Miracle on the run to Taegu

The discussion about miracles began after a TV programme, as so many discussions, debates, and heated arguments do start these days – with the occasional settlement being a divorce in the family. The programme was one of those great BBC epics combining a look at the vastness of space and the never ending cosmos, the search in the other direction for the smallest itty-bitty bit of the universe. Miracles, yes or no? Is there a God?
It was the miracles that caught my attention. There have been a number of miracles in my life, I'm pretty certain of that. But for some reason the TV discussion brought back memories of the one occasion I know for sure I experienced a miracle.

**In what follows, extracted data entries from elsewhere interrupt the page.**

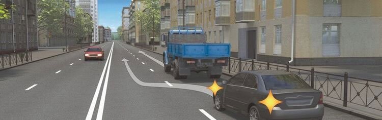 Ну что же, в чём он заключается? Что же он собирается сделать — вопрос открытый: либо объехать, либо обогнать, либо перестроиться с опережением? Эти варианты в равной степени имеют право на жизнь. Правильный ответ, если вы включите интуицию и банально обратитесь к теории, заключён в том, что он хочет перестроиться с дальнейшим опережением.
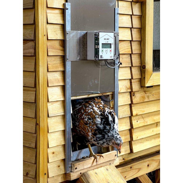 Ușă de siguranță pentru coteț de găini cu clapă anti-retur - 230x340 / 300x450 / 340x550 mm - fără unitate de control HK-Bat
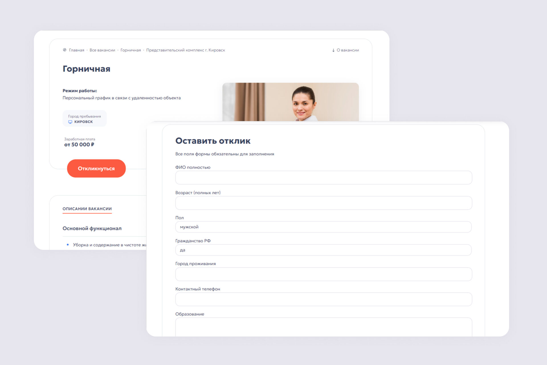 При клике на ту или иную вакансию пользователя встречает подробная информация о ней, включая описание должностных обязанностей, требования к кандидатам и условия работы. Также предусмотрена возможность откликнуться на вакансию через заполнение удобной контактной формы.

To me, without a doubt, a miracle occurred on a railway freight wagon tightly packed with men, women and children, all running from the South Korean capital Seoul to Taegu and Pusan, a tiny part of the human southbound wave set in motion by the sudden entry of a Communist Chinese army into North Korea, a move that had United Nations forces retreating all along the front, and hundreds of thousands of civilians seeking safety in the south.

My unit reached the North Korean capital of Pyongyang and we had just started setting up camp in the half built Kim Il Song University, perched on a hillside and overlooking the city, and down below the one narrow road that led from north to south, when the Chinese crossed the border.Within hours of arriving we were told we would not be staying.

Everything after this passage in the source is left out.